Para colmo, en septiembre toca afrontar los gastos de la vuelta al cole de sus dos hijos. Vive en Madrid, los libros escolares no están subvencionados. Solo ellos se le van 600 euros. Y luego tocan las zapatillas, los chándales, las mochilas, los zapatos, los abrigos. Renovar todo, porque la ropa del año pasado se ha quedado pequeña. Y cuadrar horarios, y buscar niñera, y...

En agosto, ella y su marido cerraron su pequeño bar porque perdían más dinero abriendo que cerrando. Y se fueron al pueblo de sus padres. Casi 30 días en los que ella pudo dormir ocho horas diarias, dar largos paseos y tirarse en la hamaca a leer durante horas. Lujos que hacía años que no se permitía.

Pero al volver a su rutina de trabajo (niños, casa, trabajo, niños, casa), a no tener tiempo ni para dormir, mucho menos para pasear o para leer, se ha empezado a dar cuenta de que su vida no le gusta, pero que no se puede bajar en marcha del tren al que ha subido.

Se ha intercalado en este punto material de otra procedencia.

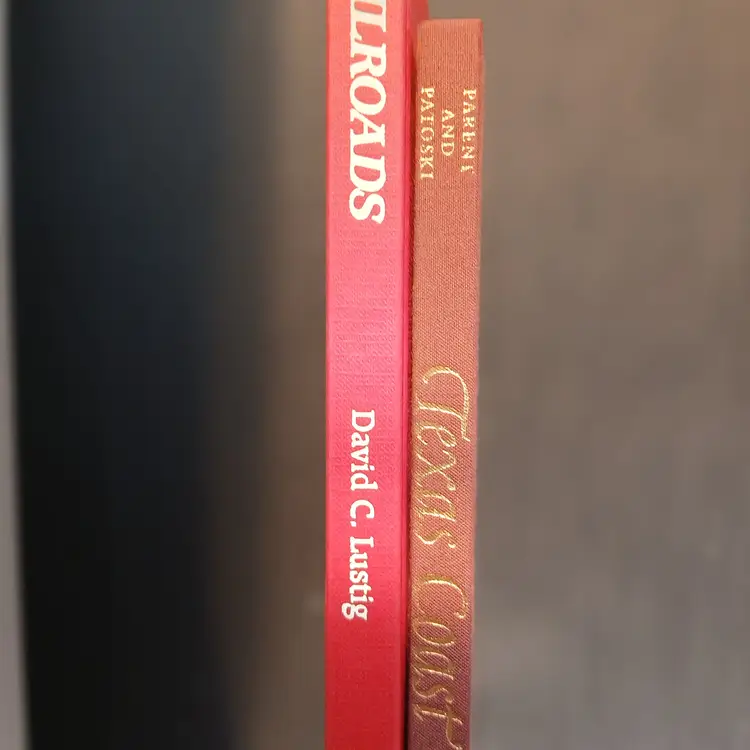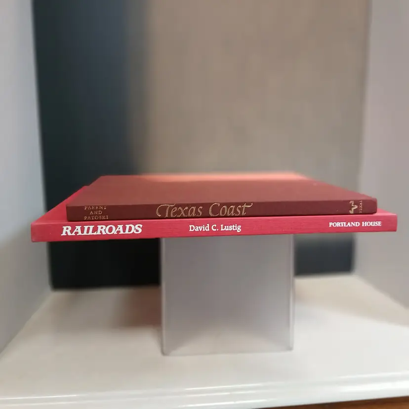 These beautiful books are perfect for Patriotic or Christmas decor styling! The larger, red, book is "Railroads" published in the 70's - dust jacket is available if you want it - the book itself has gorgeous color photos of trains throughout history. The other, smaller, dark red, book is "Texas Coast" and contains beautiful pictures from all the varied coastal scenes of the Texas coast. "Railroads" measures 10.75" x 13.25"x .5" and the Texas Coast book measures 10.25"x11.25"x.5" - Book Stack is $6 for the two books.
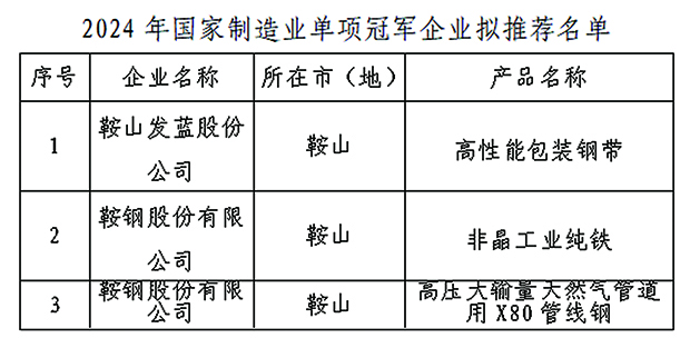 按照《工業和信息化部辦公廳關于開展2024年制造業單項冠軍企業遴選認定和復核評價工作的通知》(工信廳政法函〔2024〕328號)要求,鞍鋼集團有限公司組織開展了2024年制造業單項冠軍企業推薦申報工作,已完成初步論證,現將擬推薦名單予以公示(詳見附件),公示結束后將推薦至工業和信息化部。
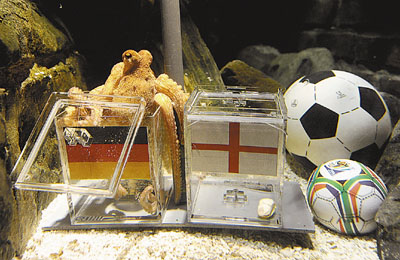 這只名為保羅的兩歲大章魚恰巧生于英國,在德國長大。海洋館員把分別印有德、英旗幟的貝殼放入玻璃缸,結(jié)果保羅只取出德國那枚貝殼。保羅之前也曾“估中”德國勝澳洲、加納與輸給塞爾維亞的賽果,德國隊(duì)在上屆歐國杯的賽事,其預(yù)測命中率也有8成。
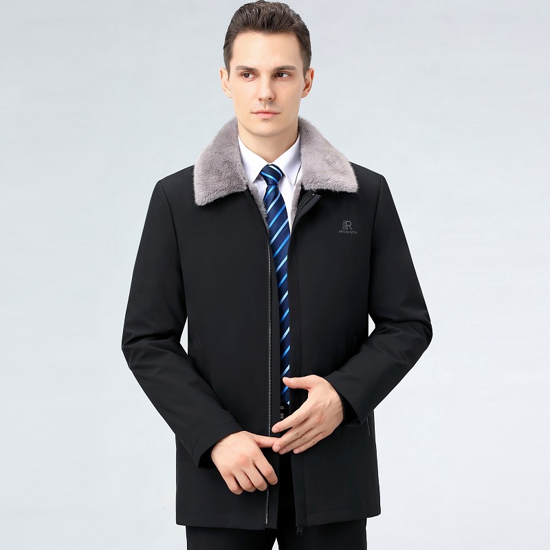 冬服メンズパーカー中年男性シェルミンクライナーファーラペルミドル丈防寒ジャケット男性用

Sumémosle algo más. Quizá usted no lo sabe, pero cada día de septiembre se acorta tres minutos (en términos de luz solar) respecto al día anterior. Y además, las temperaturas han bajado casi 15 grados en apenas diez días. Estos cambios de luz y temperatura afectan al sistema nervioso y pueden agudizar una depresión.

«¿Una depresión?», me pregunta, escéptica.

Sí. El empeño de ella por negar que está deprimida es típico de las personas deprimidas.

Si usted me está leyendo y se siente irritable, cansado, triste sin motivo, recuerde que mal de muchos… epidemia. Y sí, mucha gente se siente como usted. Es la depresión típica de septiembre, una de cada cuatro personas la sufre. Va cuesta arriba, pero todo pasa, al final casi todos le acabamos cogiendo el ritmo al mes.

Casi todos, digo. Casi todos. Si usted se sigue sintiendo mal a mediados de octubre, consulte a un profesional. No lo oculte, y mucho menos se culpabilice.

Y recuerde que nadie lo tiene todo cuando no se tiene a sí mismo.